How to Load MediaLab Data Files into R

Did you know MediaLab has many operations that produce CSV data files? This post reviews how to load a folder of CSV files into R data frames.

Disclaimer

Please note: we are not experts in using R, and we pulled this example together from Internet sources. However, it is running a production data processing pipeline in R. We processed 100s of hours of video to produce the data, using the Contour Data operation.

File System

Let’s start with how to handle the file system, and get a list of file paths to process. The source videos had the starting time-and-date in the file name, so we used some regex magic to leverage that. We needed to adjust the TimeIndex value contained in each CSV file to an absolute timestamp.

# Root Folder is set here (NO Backslashes please)
rootFolder <- "C:/Users/xxxxx/Pictures/Saved Pictures/MediaLab/Data"
# Adjust the PATTERN (regex) to match your file name pattern
fileList <- list.files(path=rootFolder, pattern="Contour.*AXIS.*csv$", full.names=TRUE)
# Extract the formatted date portion of file names (2 steps)
fmatches <- regexpr("\\d{4}-\\d{2}-\\d{2}_\\d{2}_\\d{2}_\\d{2}", fileList)
ftimestamps <- substr(fileList,fmatches,fmatches+attr(fmatches,"match.length")-1)

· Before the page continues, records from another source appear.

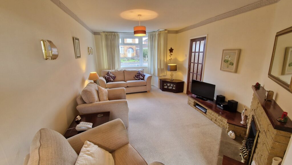 Living Room: 3.40m x 5.30m (11'2" x 17'5"), The living room is located to the front of the property and features a large half bay with a UPVC double glazed window overlooking the driveway. The room also benefits from a gas fireplace, a gas central heating radiator and an open square arch that leads to the dining room.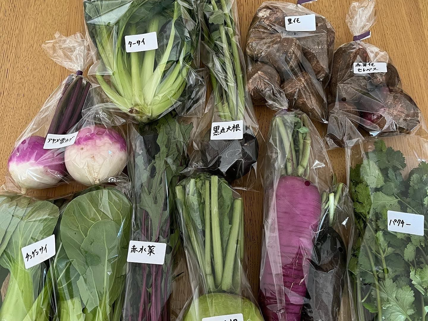 以下の野菜の中から7-11種類、箱に入るだけお詰めしてお送りします。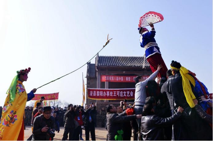 去浮邱山祭拜祖先只是浚县正月会的小序曲,到了正月初九那天,浚县庙会才会露出它真实的面貌。正月初九之后,浚县庙会就会迎来一股新的高潮。浚县庙会最有名的节庆活动就是社火,而社火技艺虽然在全国的很多农村都非常盛行,但是浚县社火却是最有名的。浚县社火最鼎盛的时期有接近150个社火班子,说是浚县村村有社火一点都不为过。为了这场表演,浚县的社火班子从腊八就开始训练,从白天到晚上,一直到正月初九。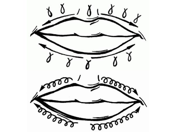 Для этого врач-косметолог устанавливает большой палец на центр губы со стороны кожи, а указательный палец — со стороны слизистой оболочки. Таким образом, он как бы захватывает губу в передне-заднем направлении. Пальцы продвигаются к уголку рта. Для массажа губ используют мягкие разминающие и прижимающие движения.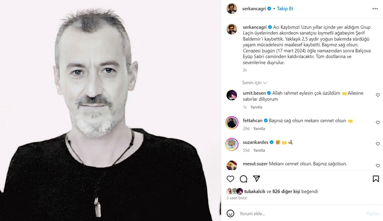 Çağrı, açıklamasında, “Acı kaybımız… Uzun yıllar içinde yer aldığım Grup Laçin üyelerinden akordeon sanatçısı kıymetli ağabeyim Şerif Baldemir’i kaybettik. Yaklaşık 2.5 aydır yoğun bakımda sürdüğü yaşam mücadelesini maalesef kaybetti. Başımız sağ olsun. Cenazesi bugün (17 Mart 2024) öğle namazından sonra Balçova Eyüp Sabri Camii’nden kaldırılacaktır. Tüm dostlarına ve sevenlerine duyurulur” ifadelerini kullandı.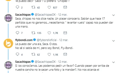Las respuestas al posteo del equipo del fútbol no tardaron en llegar (la gran mayoría justamente arrobando a Flybondi para que pueda presenciar la traición que acababa de ocurrir). Claro está, que varios usuarios arremetieron contra la institución.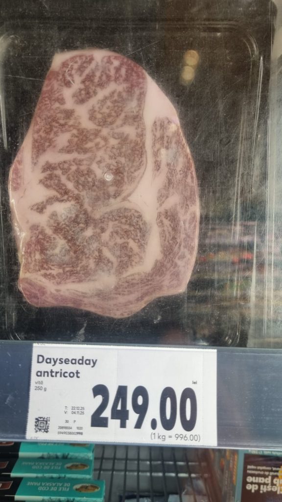 Am stat mult în fața vitrinei din sticlă securizată și am admirat-o pe îndelete fiind sigură că nu o să mai văd așa ceva… decât poate la Lidl, peste drum?! În fine eticheta descriptivă de pe rama casetei zicea “Dayseaday”, dar luându-mă după miniaturile din vecinătate și mai ales gugălind, am prins de veste că-i vorba despre niscaiva talent olandez, la mijloc. Mi-am zis să nu mă duc după fentă și să nu pic în plasa primei impresii căci așa că n-am jucat-o pe aia cu impresionismul flamand. Am mai stat, m-am mai uitat, am cugetat și mai ales am înghițit în sec și până la urmă mi-am zis: “Cu certitudine n-are nimic de-a face cu europenii. Sigur e operă de artă din școala Wagyu-Kobe, ce reflectă realismul nipon, după valoarea de adjudecare afișată 996 lei/kg”.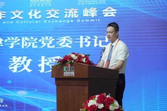 4月28日,党委书记叶振楠一行受邀出席2024年中泰教育合作文化交流峰会并作代表发言。叶振楠书记对论坛的成功举办表示热烈祝贺,并向与会代表介绍了我院的发展情况以及在人才培养方面的探索和做法。他表示,在“一带一路”倡议下,学院将持续推动中泰高等教育合作与人才培养,助力教育国际化和人才国际化,并以与泰国各高校合作为载体,加强中泰两国教育、文化等领域交流合作,为中泰友好往来培养高素质人才贡献力量。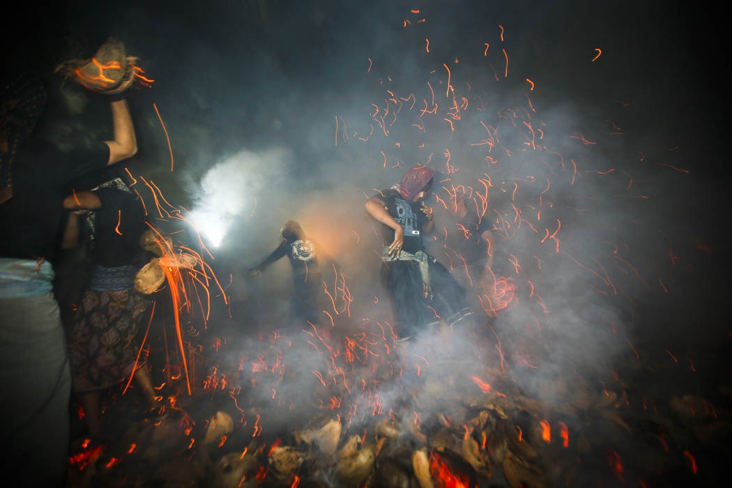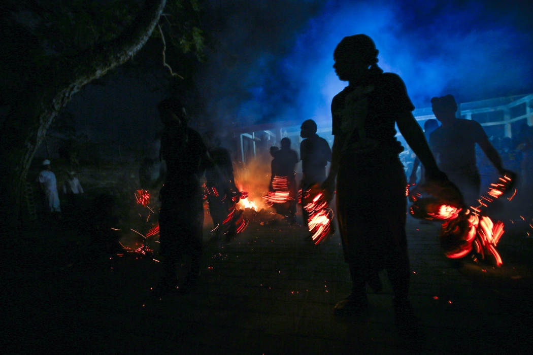 Người ta cũng đi qua những đống lửa cháy trên vỏ quả dừa khô. Ảnh: EPA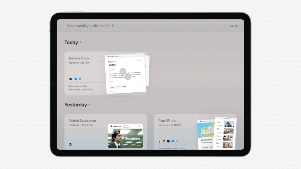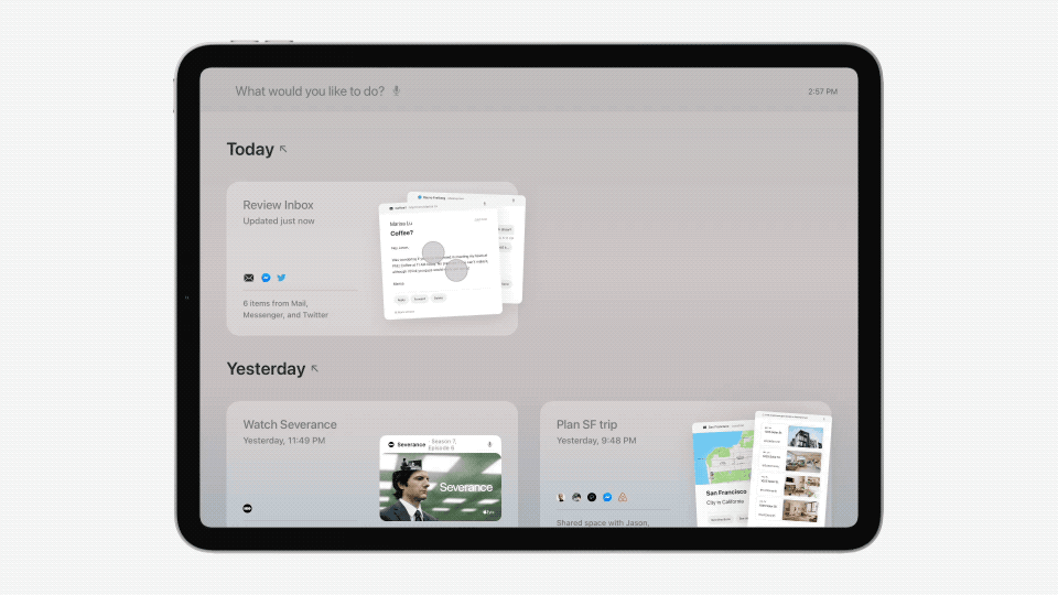 类似地,如果应用从右侧滑入,则会传达其在空间上的位置,通过从右侧(而不是左侧)移入,表示该应用现在位于切换器中应用堆栈的首位。

That gets us 2 parallel vectors of the file names and the timestamps for each one. Now let’s just zip it up and loop over the list. Please note: there may be better ways to do this, remember the disclaimer above. Feel free to post improvements in the comments. This loop simply loads and plots the data frames using ggplot.

fileInfo <- cbind(fileList, ftimestamps)
for(fi in 1:nrow(fileInfo)) {
	fname <- fileInfo[fi,1]
	ts <- fileInfo[fi,2]
	chart <- process_file(fname, ts)
	# each plot in a new window
	dev.new()
	# must print or it doesn't display
	print(chart)
	# save to a file
	output <- sprintf("%s.png", fname);
	ggsave(output, plot=chart)
}

Process Item

Just for more context, let’s briefly look at the process_file function, because this is the one that actually loads those CSV files. This is an example; do whatever you need for each CSV at this point.

process_file <- function(filename, starting) {
	dataset <- load_csv(filename, starting)
	summary <- create_summary(dataset)
	chart_labels <- create_labels(summary)
	chart <- create_chart(summary, starting, chart_labels)
	return(chart)
}

Load Data Frame

Let’s examine the load_csv function now.

load_csv <- function(filename, starting) {
	data <- read.csv(filename, stringsAsFactors=FALSE)
	#if you need to filter on area
	#data <- subset(data, Area >= 4)
	today <- strptime(starting, "%Y-%m-%d_%H_%M_%S")
	# NOTE assumes only one-digit day
	parsed <- ifelse(nchar(data$TimeIndex) > 8, substring(data$TimeIndex,first=3), data$TimeIndex)
	data$TimeOffset <- as.difftime(parsed, units="secs")
	# cant get this to work; need to extract dayoffset[[*]][1]
	#dayoffset <- ifelse(nchar(data$TimeIndex) > 8, strsplit(data$TimeIndex,"\\."),  strsplit(as.character("0.99:99:99"),"\\."))
	#data$DayOffset <- dayoffset
	# NOTE assumes only one-digit day
	data$DayOffset <- as.integer(ifelse(nchar(data$TimeIndex) > 8, substring(data$TimeIndex,first=1,last=1), "0"))
	data$OffsetTimeIndex <- data$TimeOffset + today
	data$HourOfDay <- as.integer(format(data$OffsetTimeIndex, "%H"))
	return(data)
}

The biggest issue in this function is the hoops to jump through to add the absolute starting date to the TimeIndex of each row of data, and for the purposes of this task, extract a few more “interesting” timestamp-based values for subsequent processing.

The main issue that must be worked around is the format of the TimeIndex column, when the source is longer than 24 hours. In our case the videos were 7 days long! That required some gymnastics. We also used the lubridate package for some of these tasks.

We could have done some of this “date massaging” in a spreadsheet application. The size of the data files was extreme, and Excel did not handle it.

In the meantime, there are updates to the TimeIndex output that make this easier within R!

Follow-up

As a result of this, we are improving the options for formatting the TimeIndex. Watch for this in the next package release!